DATA FOR THIS TASK ▸
----

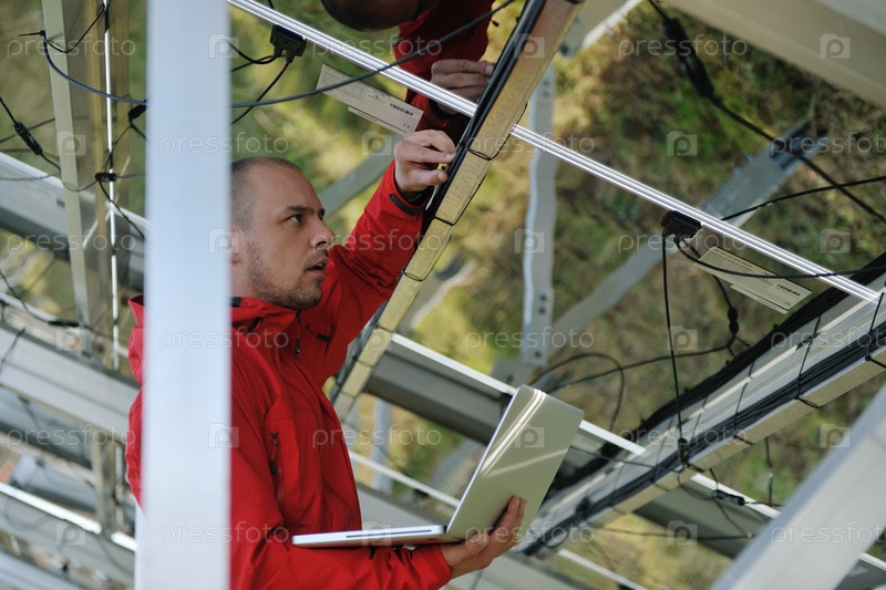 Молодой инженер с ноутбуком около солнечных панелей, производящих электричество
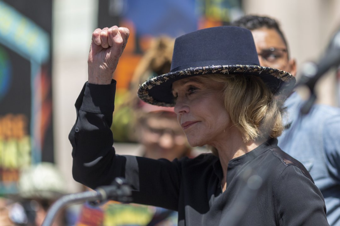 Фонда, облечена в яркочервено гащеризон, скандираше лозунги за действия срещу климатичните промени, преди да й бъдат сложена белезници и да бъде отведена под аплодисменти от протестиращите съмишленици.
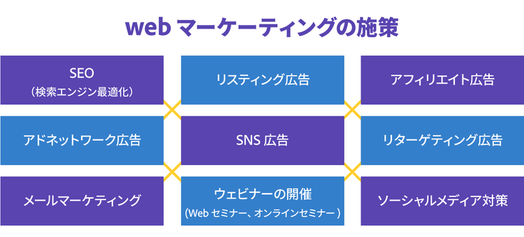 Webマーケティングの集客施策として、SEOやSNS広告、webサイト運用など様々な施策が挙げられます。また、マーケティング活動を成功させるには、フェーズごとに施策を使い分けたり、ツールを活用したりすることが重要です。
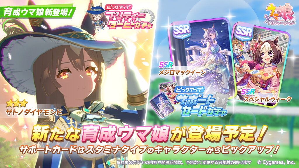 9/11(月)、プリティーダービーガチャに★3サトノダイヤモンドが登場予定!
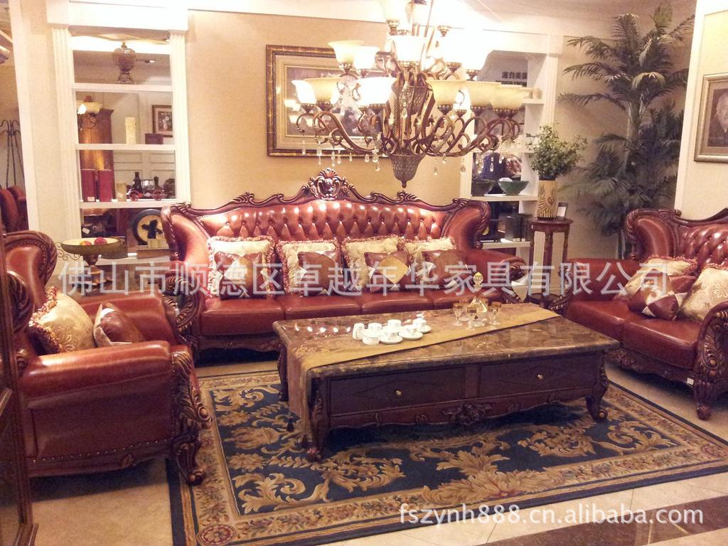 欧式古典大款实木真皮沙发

----

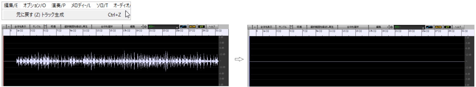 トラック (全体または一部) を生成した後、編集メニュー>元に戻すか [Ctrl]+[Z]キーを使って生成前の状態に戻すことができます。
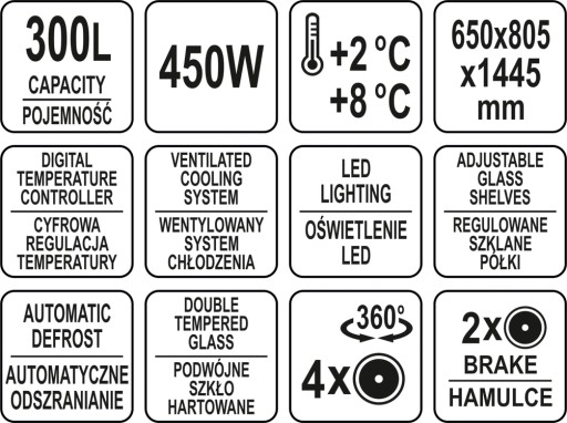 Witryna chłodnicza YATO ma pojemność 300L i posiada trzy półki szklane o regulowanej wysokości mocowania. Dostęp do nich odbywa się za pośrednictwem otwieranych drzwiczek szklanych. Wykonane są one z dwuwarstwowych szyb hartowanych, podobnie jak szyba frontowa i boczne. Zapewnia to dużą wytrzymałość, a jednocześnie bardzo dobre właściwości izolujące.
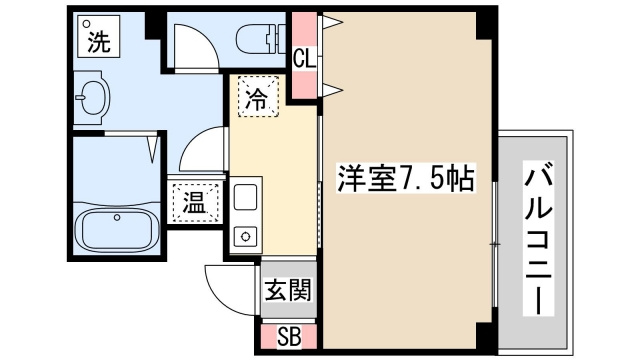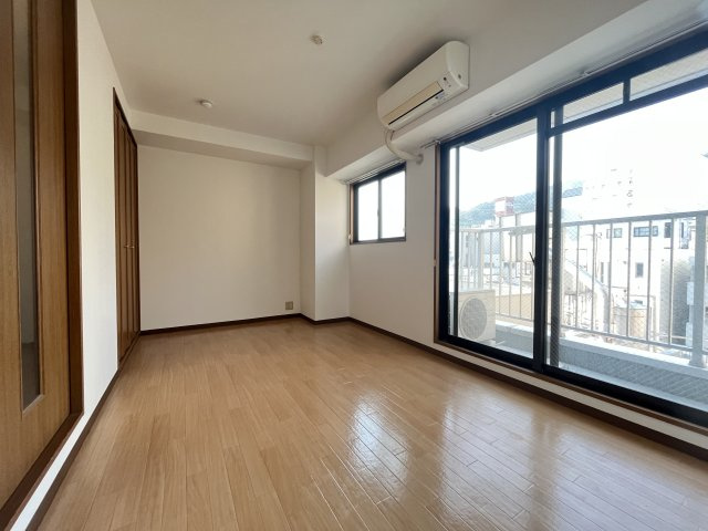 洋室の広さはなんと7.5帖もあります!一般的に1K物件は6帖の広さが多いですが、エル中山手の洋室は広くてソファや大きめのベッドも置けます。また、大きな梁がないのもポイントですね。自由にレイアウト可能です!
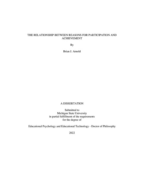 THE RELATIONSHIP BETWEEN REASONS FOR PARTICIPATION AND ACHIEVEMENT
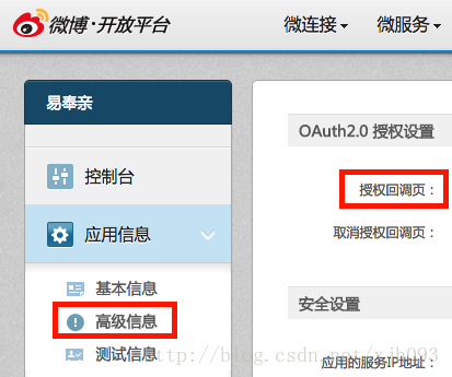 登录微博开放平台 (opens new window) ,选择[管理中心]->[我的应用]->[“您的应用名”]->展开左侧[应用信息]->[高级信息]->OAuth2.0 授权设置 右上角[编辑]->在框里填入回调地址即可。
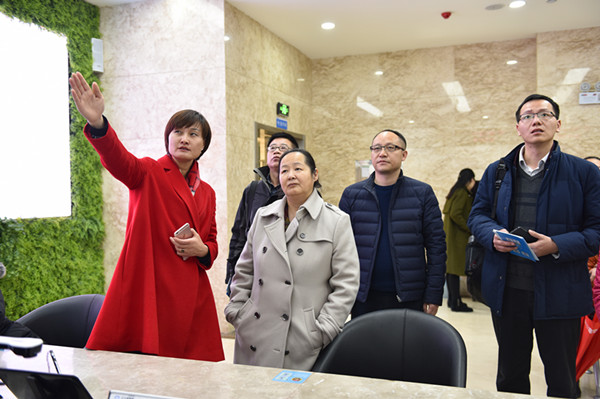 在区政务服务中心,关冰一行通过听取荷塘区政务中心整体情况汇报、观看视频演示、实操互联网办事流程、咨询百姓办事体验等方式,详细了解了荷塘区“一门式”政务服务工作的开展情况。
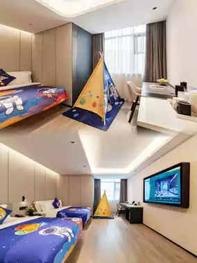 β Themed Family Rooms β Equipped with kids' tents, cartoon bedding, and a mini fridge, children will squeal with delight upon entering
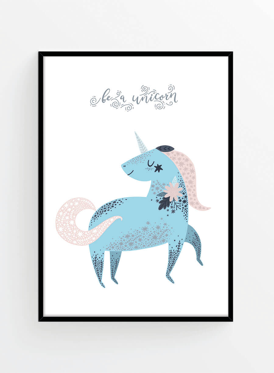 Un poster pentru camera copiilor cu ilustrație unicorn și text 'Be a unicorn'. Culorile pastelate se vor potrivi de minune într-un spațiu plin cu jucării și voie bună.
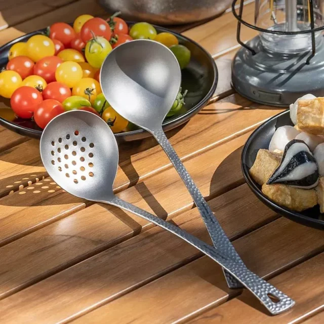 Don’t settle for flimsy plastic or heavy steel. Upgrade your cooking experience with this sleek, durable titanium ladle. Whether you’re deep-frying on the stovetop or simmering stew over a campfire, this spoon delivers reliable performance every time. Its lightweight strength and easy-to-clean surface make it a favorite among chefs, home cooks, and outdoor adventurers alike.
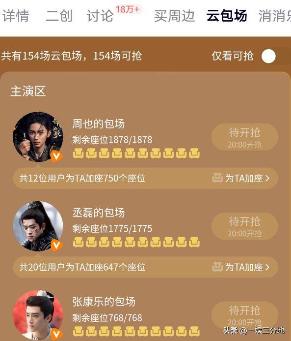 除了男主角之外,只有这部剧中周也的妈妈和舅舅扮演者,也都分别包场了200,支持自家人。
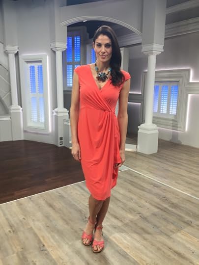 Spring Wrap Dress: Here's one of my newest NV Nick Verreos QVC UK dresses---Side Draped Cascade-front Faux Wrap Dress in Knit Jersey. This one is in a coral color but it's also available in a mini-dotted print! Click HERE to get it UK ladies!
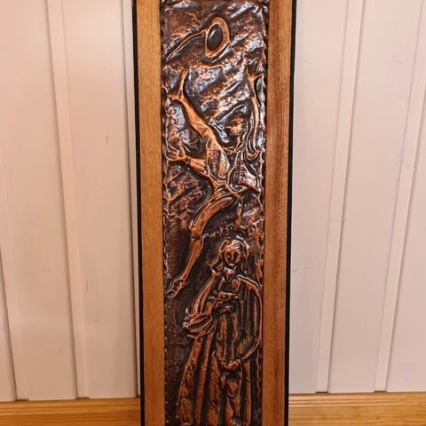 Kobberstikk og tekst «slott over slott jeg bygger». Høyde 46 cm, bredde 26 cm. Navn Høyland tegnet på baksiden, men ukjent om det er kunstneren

----

ACTIVITY ▸ The data above holds the lines to copy: start at the one with "Webマーケティングの集客施", stop at the one with "欧式古典大款实木真皮沙发", include both, copy them exactly without pictures, and copy nothing else.

RESPONSE AREA ▸
 Webマーケティングの集客施策として、SEOやSNS広告、webサイト運用など様々な施策が挙げられます。また、マーケティング活動を成功させるには、フェーズごとに施策を使い分けたり、ツールを活用したりすることが重要です。
 9/11(月)、プリティーダービーガチャに★3サトノダイヤモンドが登場予定!
 欧式古典大款实木真皮沙发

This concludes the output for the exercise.